The lines from the beginning of the records below through the one holding "Try drawing a" are to be copied exactly; leave the pictures out.
═════ Data supplied ═════
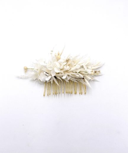 La gamme Auguste rassemble des accessoires en fleurs séchées aux doux tons de fin d’été, lorsque les herbes et les champs sont dorés et séchés par le soleil d’août.
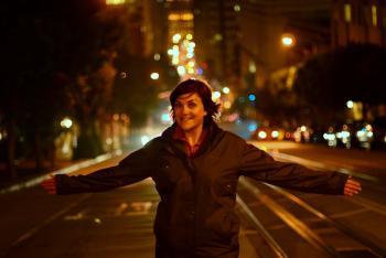 It had dropped colder, so we stopped in the Alcatraz cafe for a cup of tea. We waited till about six - our boarding time - and were surprised to see a lot of people already queueing. Seemed odd, but showed our tickets and joined the line. Had an obligatory photo taken, in front of an image of Alcatraz, which you could buy later for ‘only’ $22. Got aboard the boat and set sail. The fog had crept in, so the coastline looked quite eerie.
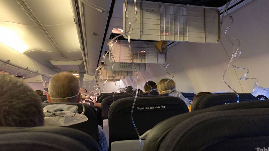 Podróżni najpierw usłyszeli huk. Chwilę później maszyna zaczęła obniżać lot, a pasażerów poproszono o założenie masek tlenowych. Jak relacjonował jeden z nich Greg Denehy, zdjąć można je było dopiero, gdy samolot zszedł na wysokość 3000 metrów.
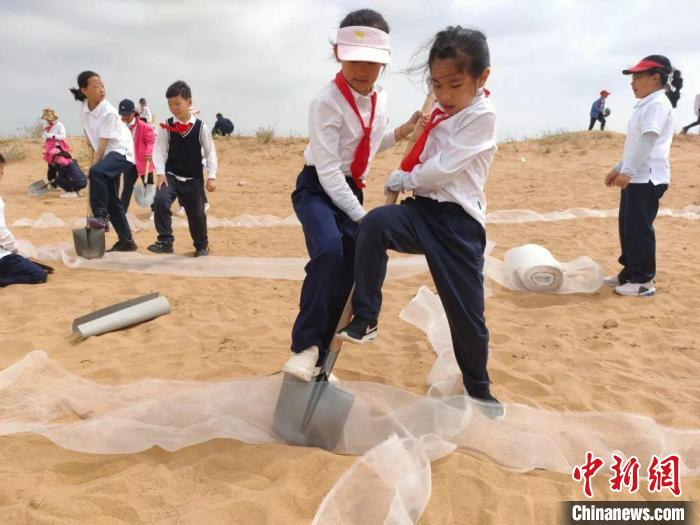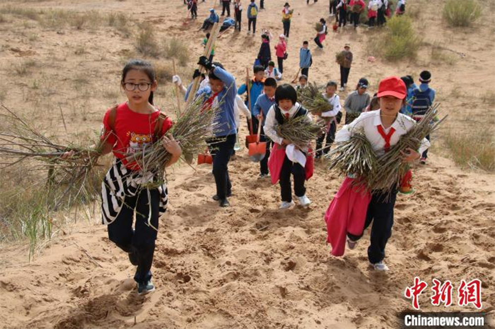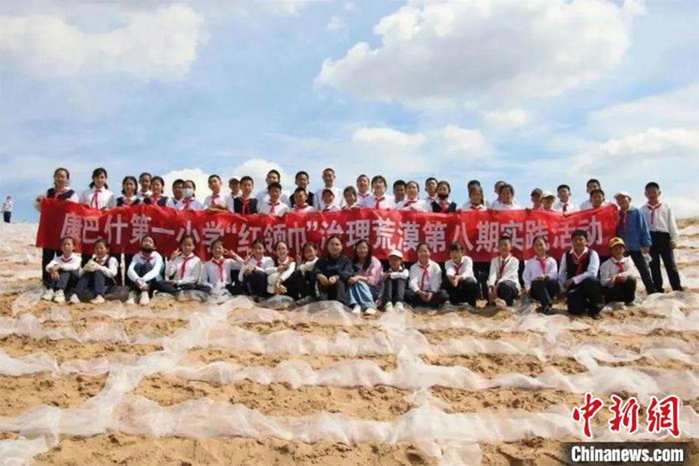 自2019年4月起,每年春秋季节,在这片沙地上,都能看到一群群戴着红领巾的治沙少年。
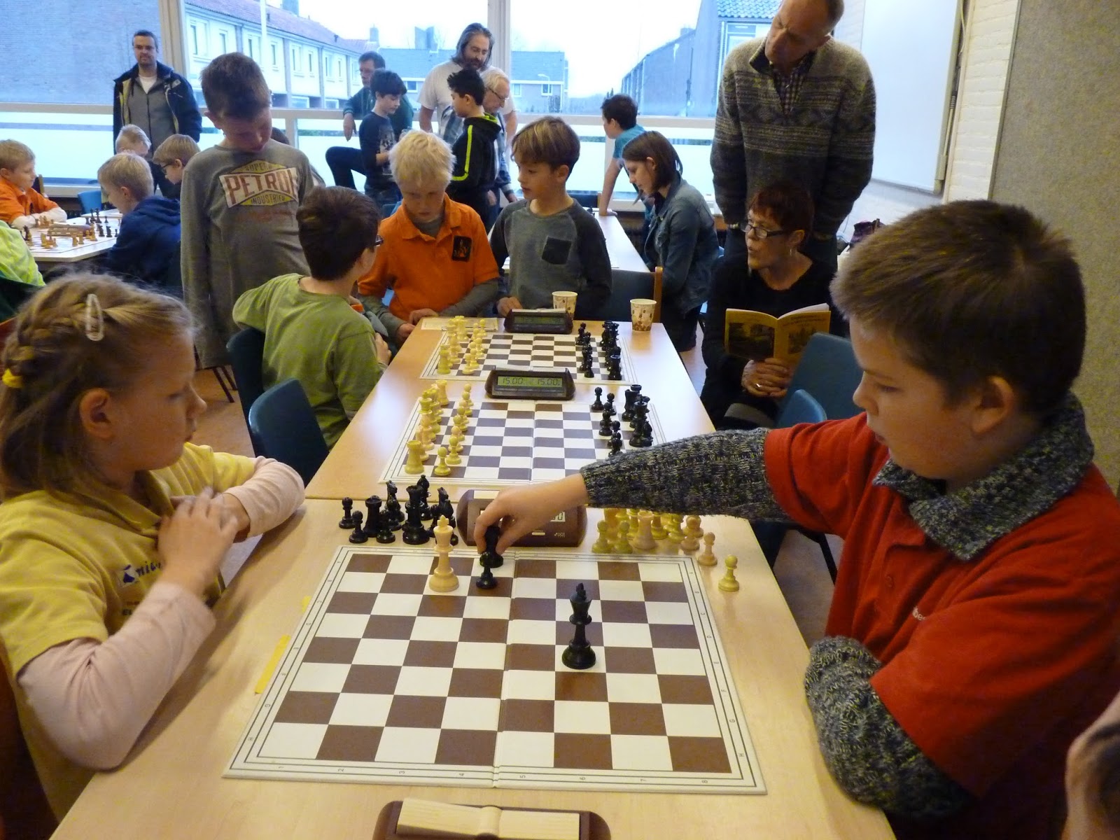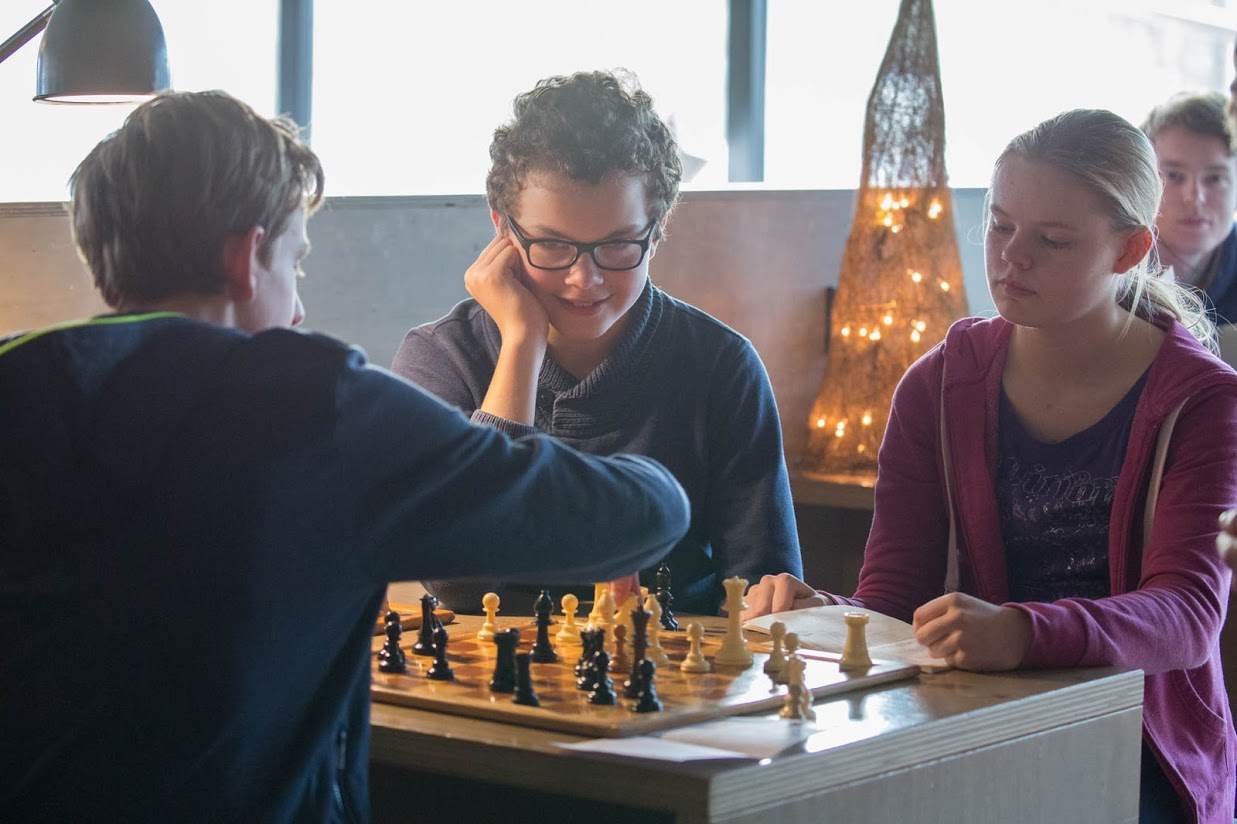 Vandaag begon voor onze zes jeugdspelers het Mini toernooi op het Schaakfestival. Vier van onze schakers waren aan elkaar gekoppeld. Ilja speelde met wit tegen Robin, die eerst tegen Jarno moest spelen. Gelukkig werd deze wedstrijd niet gespeeld en moest Jarno tegen de eerdere tegenstander van Ilja: Remy Netten. Deze kwam alleen niet opdagen, zodat Jarno uiteindelijk met wit tegen Arend Bensink speelde. Daan speelde met wit tegen Gerben en Gerbrich speelde met wit tegen Gerk Numan.
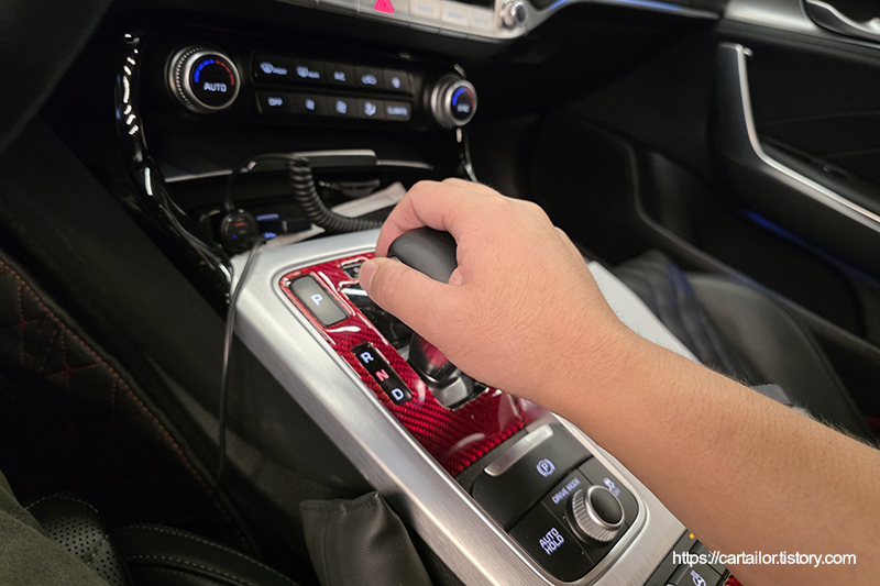 차량 인수 후, 교체 이력을 알 수없는 변속기 오일 및 디퍼런셜 오일 교환을 위해 입고된 스팅어 3.3T-GDI 후륜 모델입니다.
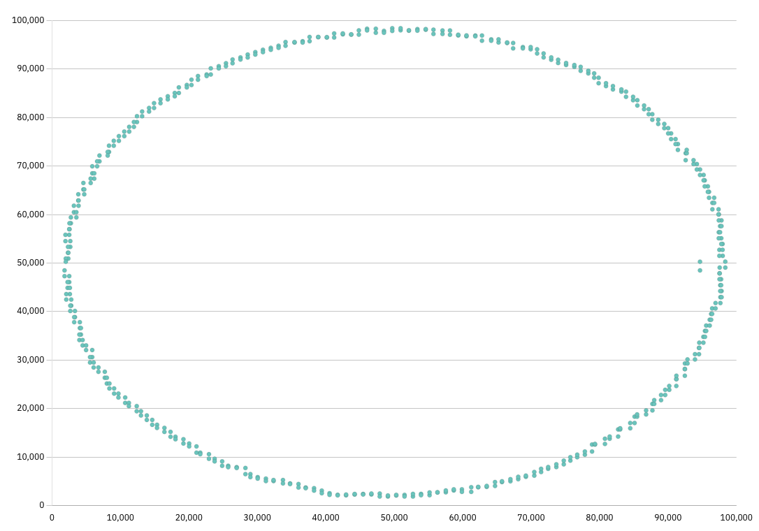 Try drawing a big rectangle, either in the top half or the bottom half, using any two coordinates of the circle as opposite corners.
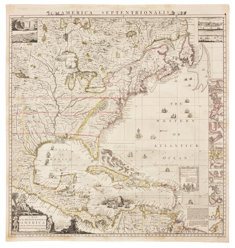 Engraved map of America, hand-colored in outline, image 509 x 485 mm (sheet 531 x 500 mm). Decorative cartouche depicting Native Americans and European settlers, insets of Niagara Falls, Mexico, Quebec, and New York, small insets of 18 important harbors including Boston, New York, Charleston, and Porto Bello. (Small paper flaw upper margin, some light spotting, margins lightly toned.) FIRST EDITION, BABINSKI'S FIRST STATE of Popple's key map: without imprint below border at lower left, imprint bottom right "W.H. Toms Sculp.", with the course of the Spanish galleons not present, Cape May and Cape Hinlopen not named off Delaware Bay. This copy is like "most, if not all, colored copies [which] do not have the 4 corner views or the title cartouche at bottom left colored" (Babinski). The key map accompanied Popple's first large-scale map of North America printed on 20 sheets (see previous lot). Babinski, Henry Popple's 1733 Map of the British Empire in America Key Map; Cummins 217.
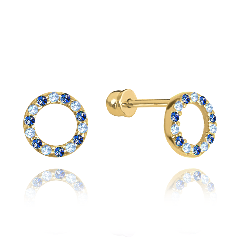 MINET Złote kolczyki wkrętki z niebieskimi i granatowymi cyrkoniami Au 585/1000 1,35g
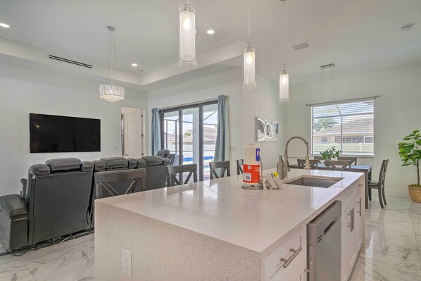 Kick back and relax when you book this Cape Coral vacation rental! With 4 bedrooms and 2.5 bathrooms, this stylish home offers plenty of space for everyone in your crew. Make a splash in the heated pool, fire up the gas grill for a cookout on the screened-in lanai, or enjoy a movie on any of the 4 Smart TVs. When you’re not busy luxuriating by the poolside, take the kids to visit Sun Splash Family Waterpark, or head to Yacht Club Public Beach for a day filled with surf and sand.
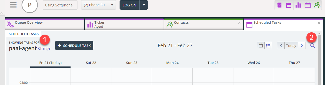 When a user has chosen to see another agent’s calendar (after searching for an Agent or searching for a scheduled task), the user will see all Scheduled tasks in this agent’s calendar. When we are presenting an agent’s calendar for another user, we do not use the user’s resource filter for queues (to limit what scheduled tasks to show), because if we did, we would (often) present an incomplete calendar and cause confusion.
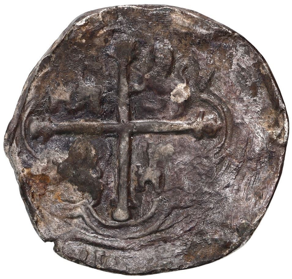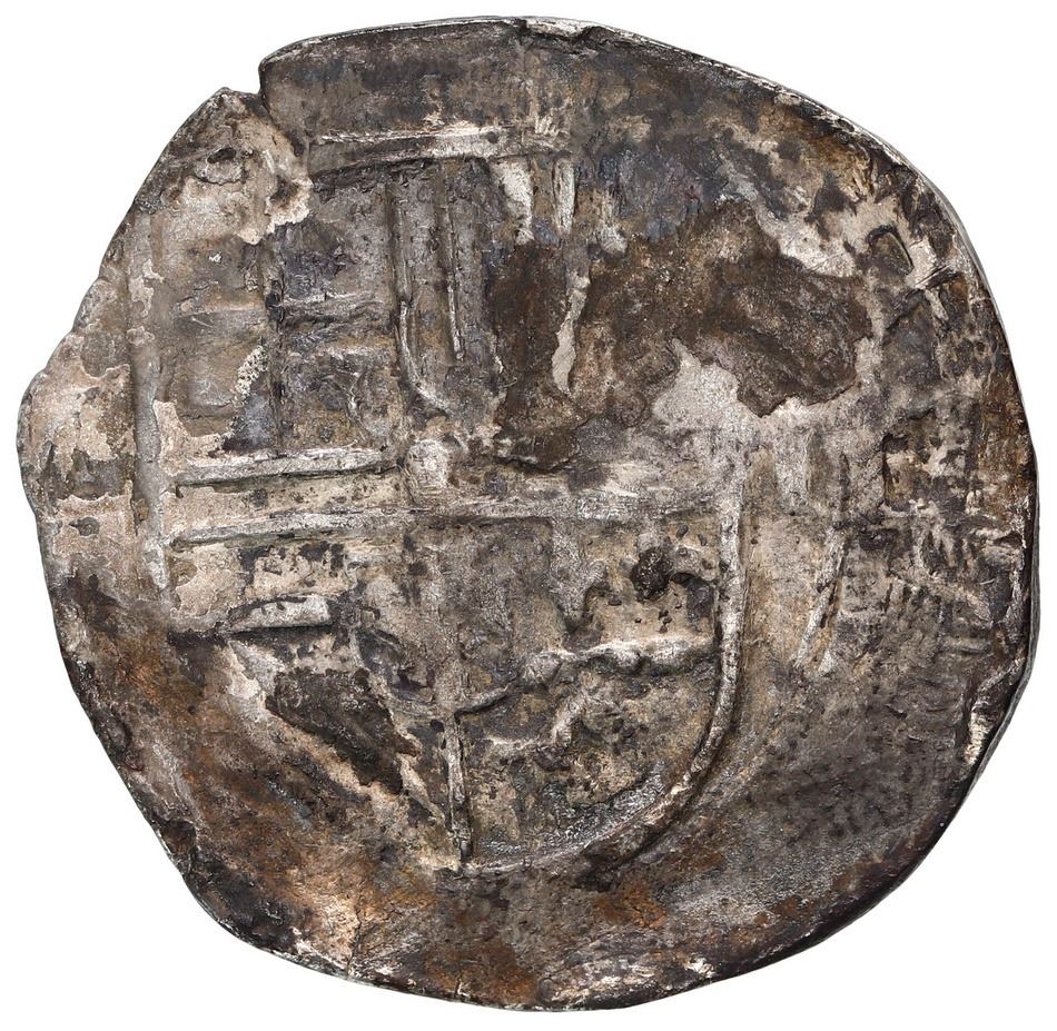 Mexico City, Mexico, cob 2 reales, Philip III, assayer F, rare variety with three 1/2R-sized castles in upper-left and bottom-right quadrants of cross. S-M12a; KM-unl; Cal-unl. 6.61 grams. Rare design-type with three small 1/2 real-sized castles used for each castle quadrant on the back. XF with spotty dark toning (probably salvaged), weak yet nearly full shield, nice bold cross.
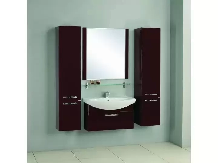 Набор «Ария 80» состоит из подвесной тумбы, зеркала и подвесного шкафа-колонны. В тумбе за фасадом расположен ящик из декоративной влагостойкой ДСП со вставками, организующими его пространство. Ящик установлен на направляющие полного выдвижения немецкого производителя фурнитуры BLUM, благодаря чему им удобно пользоваться даже с керамической раковиной, выступающей вперед. Зеркало выполнено в популярном стиле минимализма, не занимает много места и при желании может быть укомплектовано стеклянной полкой "Ария 80".
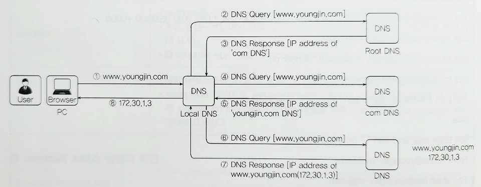 6,7 - Local DNS는 www.youngjin.com을 관리하는 DNS에 질의하고 관련 정보가 있을경우 IP 주소를 응답 받음.
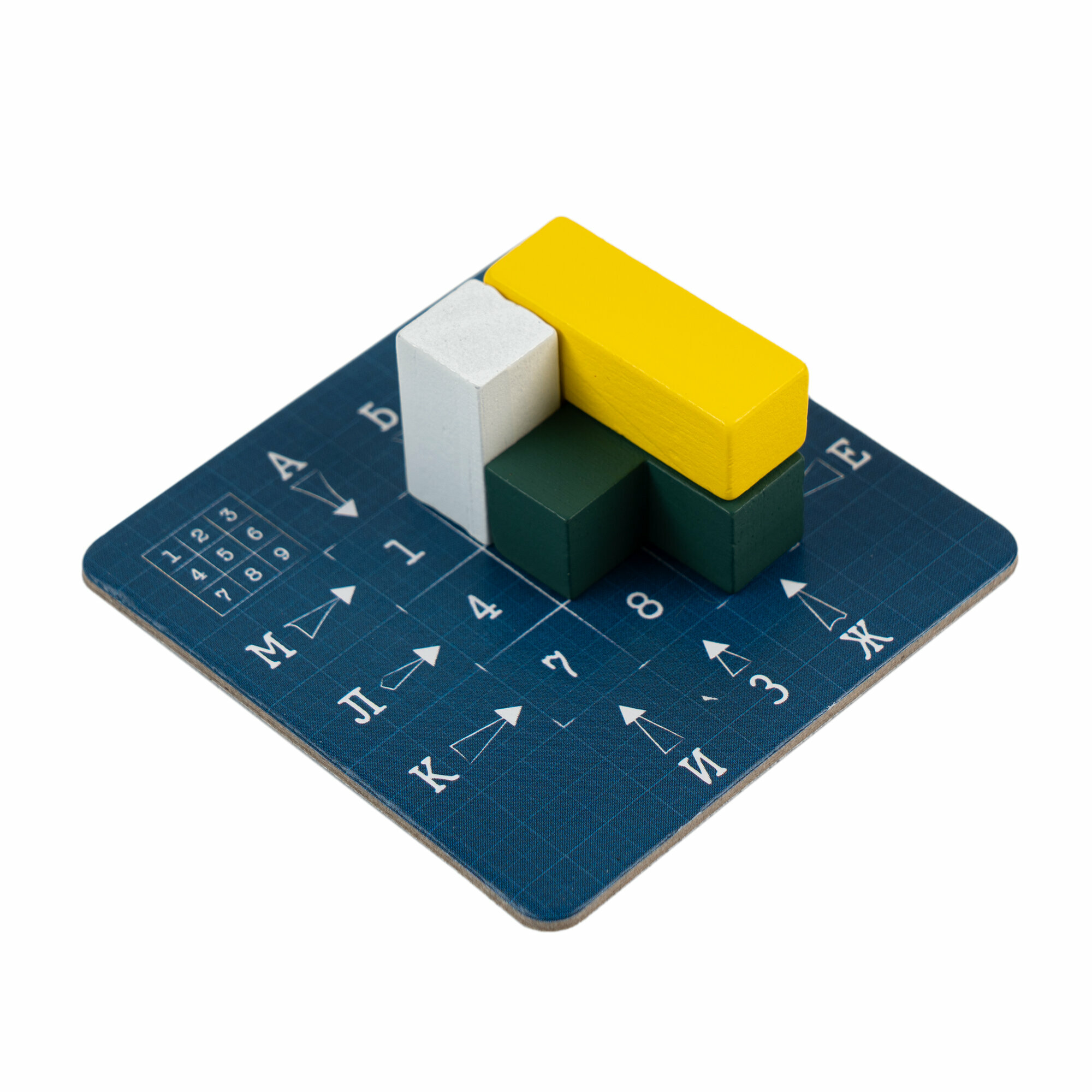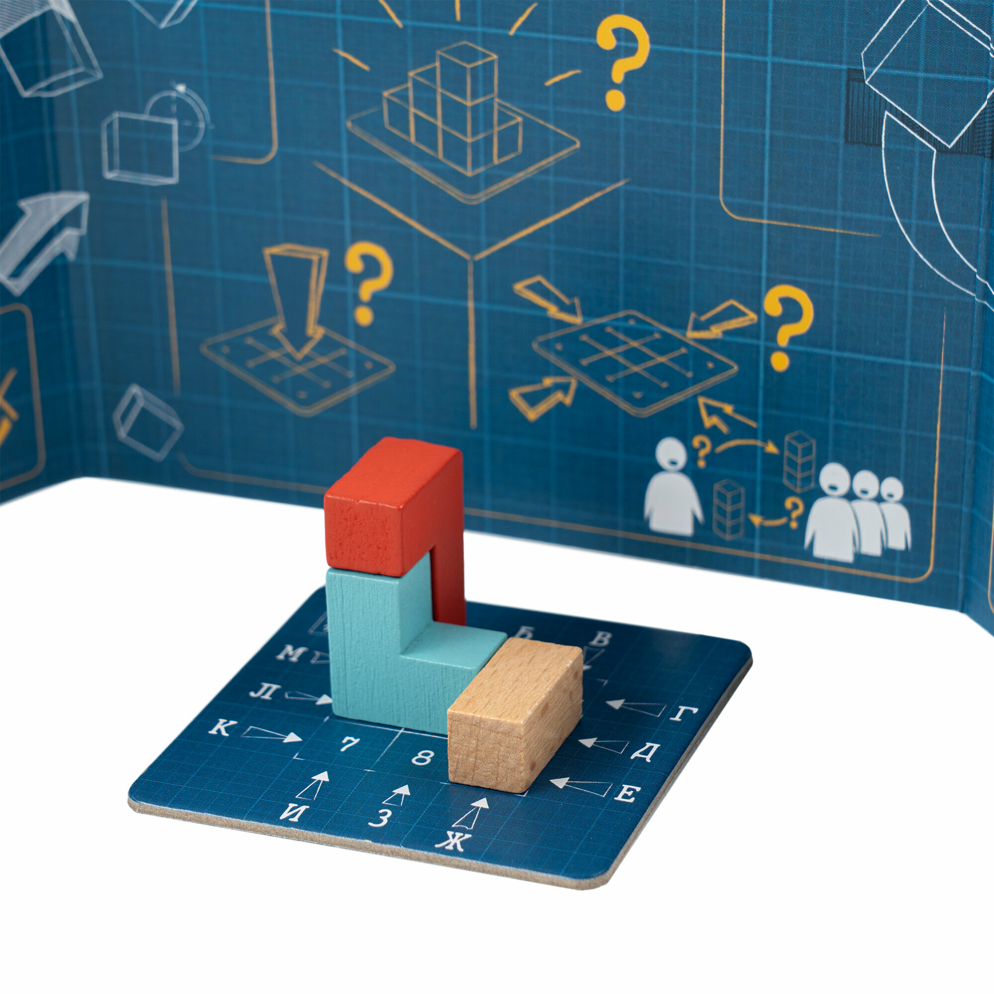 это азартная соревновательная головоломка, которая проверит на прочность не только ваши дедуктивные способности, но и пространственное мышление! В ходе этой быстрой настольной игры вам предстоит создать любую фигуру из разноцветных блоков за личной ширмой, а затем с помощью наводящих вопросов быстрее всех отгадать, какие же фигуры построили ваши соперники. В свой ход вы сможете задать один из трех вопросов, позволяющий вам узнать, какого же цвета фигура в определенной ячейке или сколько же она блоков в высоту, но вопросы стоит подбирать с умом, ведь порой вам тоже придется отвечать на свой собственный вопрос, раскрывая драгоценную информацию оппонентам! Победителем станет тот, кто первым успешно соберет фигуру соперника на основе полученных данных и "взломает" вражеский куб. Задавайте вопросы, анализируйте ответы, скрипите мозгами, шевелите серым веществом и станьте победителем в этом пространственно-логическом сражении! :)
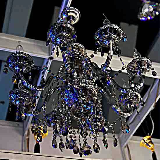 This is a beautifully designed crystal chandelier. It boasts 8 curled rods topped with candle holders for an elegant touch. This eye-catching lamp will undoubtedly beautify any rooms or hallways.
═════
* [Answer to this problem]
 La gamme Auguste rassemble des accessoires en fleurs séchées aux doux tons de fin d’été, lorsque les herbes et les champs sont dorés et séchés par le soleil d’août.
 It had dropped colder, so we stopped in the Alcatraz cafe for a cup of tea. We waited till about six - our boarding time - and were surprised to see a lot of people already queueing. Seemed odd, but showed our tickets and joined the line. Had an obligatory photo taken, in front of an image of Alcatraz, which you could buy later for ‘only’ $22. Got aboard the boat and set sail. The fog had crept in, so the coastline looked quite eerie.
 Podróżni najpierw usłyszeli huk. Chwilę później maszyna zaczęła obniżać lot, a pasażerów poproszono o założenie masek tlenowych. Jak relacjonował jeden z nich Greg Denehy, zdjąć można je było dopiero, gdy samolot zszedł na wysokość 3000 metrów.
 自2019年4月起,每年春秋季节,在这片沙地上,都能看到一群群戴着红领巾的治沙少年。
 Vandaag begon voor onze zes jeugdspelers het Mini toernooi op het Schaakfestival. Vier van onze schakers waren aan elkaar gekoppeld. Ilja speelde met wit tegen Robin, die eerst tegen Jarno moest spelen. Gelukkig werd deze wedstrijd niet gespeeld en moest Jarno tegen de eerdere tegenstander van Ilja: Remy Netten. Deze kwam alleen niet opdagen, zodat Jarno uiteindelijk met wit tegen Arend Bensink speelde. Daan speelde met wit tegen Gerben en Gerbrich speelde met wit tegen Gerk Numan.
 차량 인수 후, 교체 이력을 알 수없는 변속기 오일 및 디퍼런셜 오일 교환을 위해 입고된 스팅어 3.3T-GDI 후륜 모델입니다.
 Try drawing a big rectangle, either in the top half or the bottom half, using any two coordinates of the circle as opposite corners.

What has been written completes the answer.